Enhanced Oligonucleotide Purity
Interestingly, the purity of the oligonucleotides obtained using our cartridge model system was better than that provided by standard cartridge purification. This prompted us to extend our investigation and delve deeper into our data, allowing us to explore whether tocopherol conjugation could be used as an efficient method of oligonucleotide purification.
Examples of the IE-HPLC analysis of the resultant oligonucleotides are shown in Figure 2. Specifically, expansion around the main peak illustrates synthesis failures. Although the standard purification method gives a relatively clean product when compared with the crude oligonucleotide, the tocopherol-based method clearly shows fewer failures.

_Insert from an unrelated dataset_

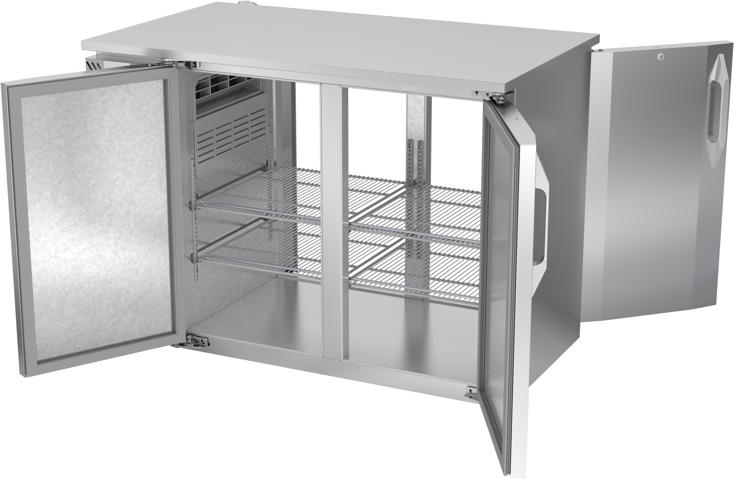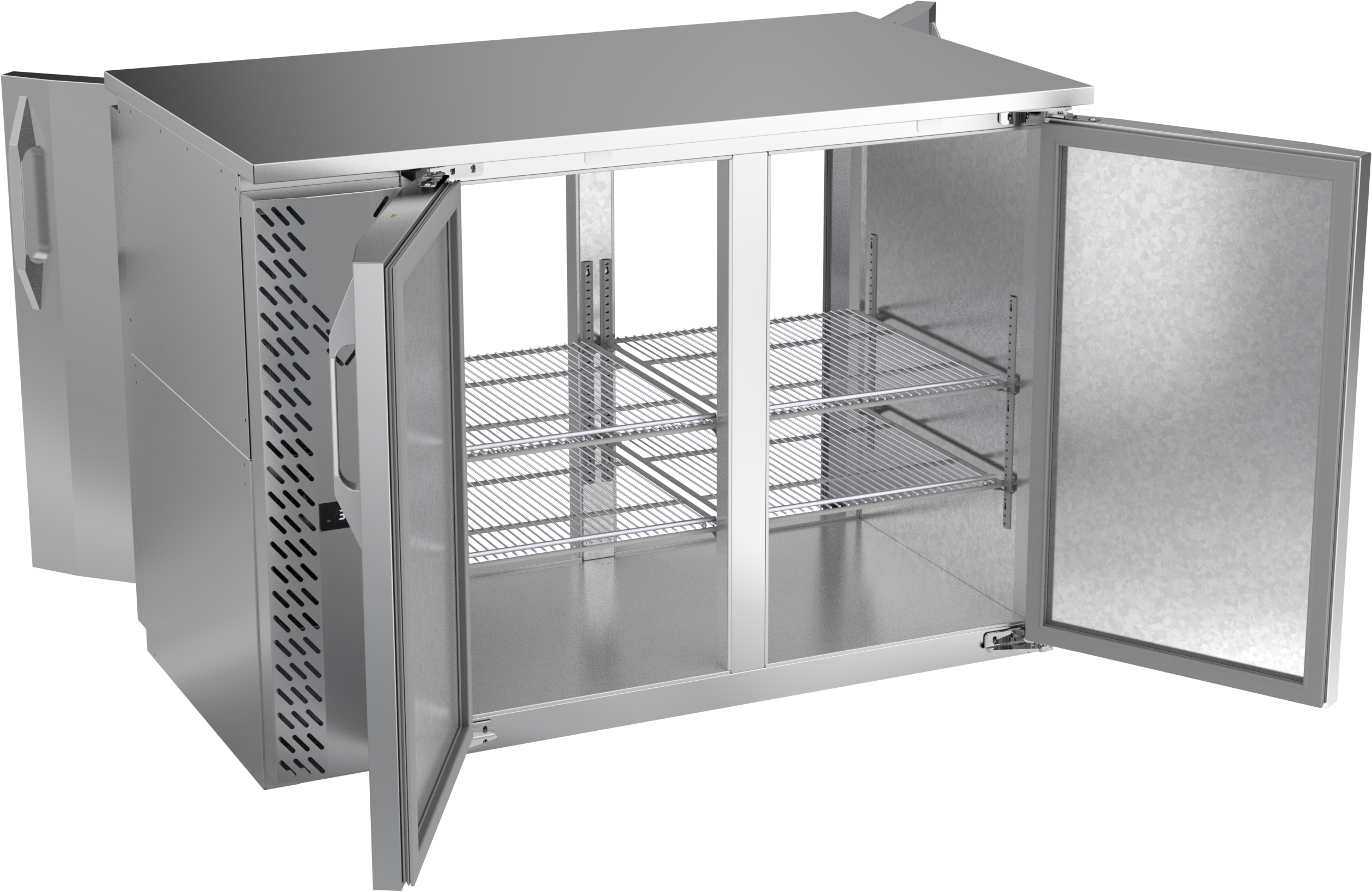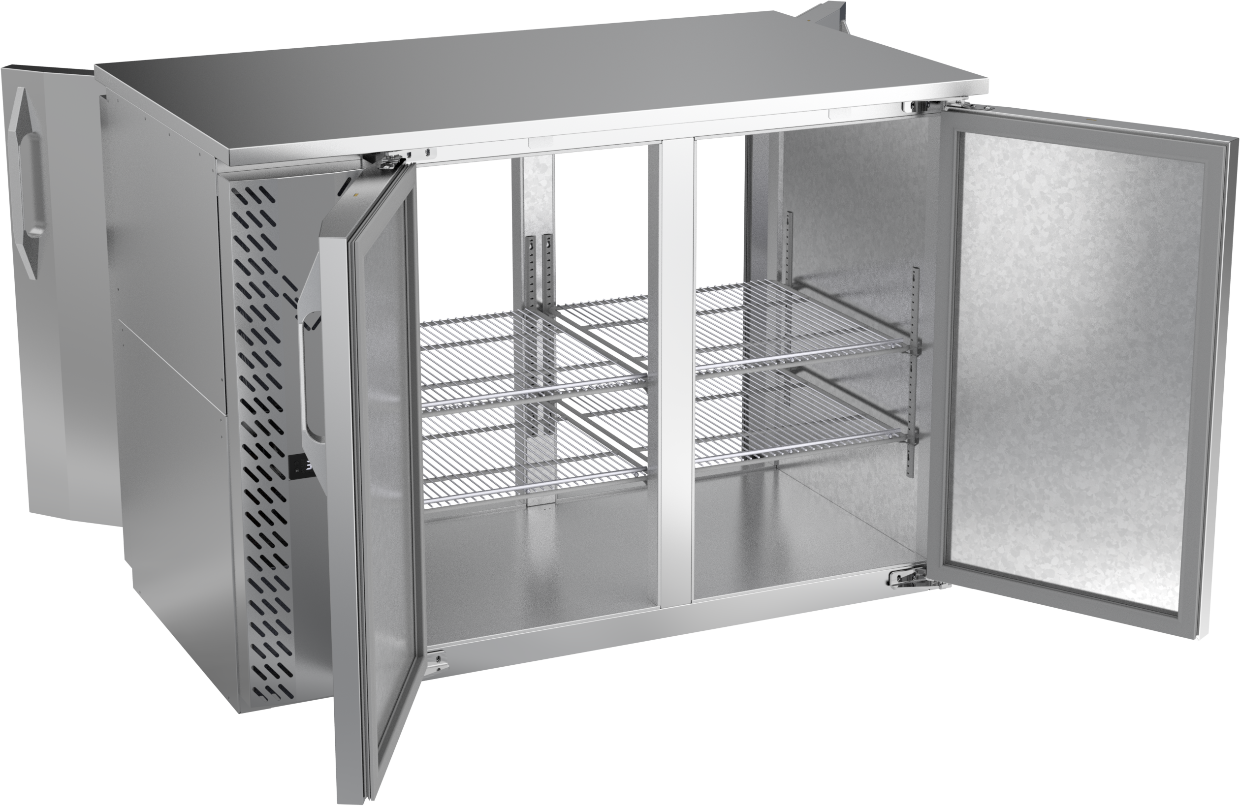 VBBN48HC-PT-S | 48" Narrow Depth Solid Doors Pass-thru Back Bar in Stainless Steel

In order to demonstrate the functionality of the pure oligonucleotide, conjugation of thiol-labeled oligonucleotides (prepared with and without tocopherol) was carried out using 6-iodofluorescein (6-IAF), which is a common dye used in many detection applications. For example, this is often used to incorporate a fluorescein moiety into oligonucleotides used for detection.
We have found that as the purity of the thiol-modified oligonucleotide increases, the efficiency of conjugation also increases. Use of the crude oligonucleotide gave ~80% labeling, whereas standard cartridge purification gave ~86% labeling and Link Technologies’ tocopherol/cartridge method gave >90% labeling (Figure 3).
This clearly shows that the use of oligonucleotides purified using tocopherol results in a more efficient conjugation than either standard cartridge purification or using the oligonucleotide in its crude form. We have also demonstrated that the specific activity of the thiol-modified oligonucleotide is not adversely affected by the use of tocopherol.
While the method has been described for the purification of thiol-modified oligonucleotides, this can also be applied to other modified oligonucleotides in those cases where it is possible to use a cleavable linker.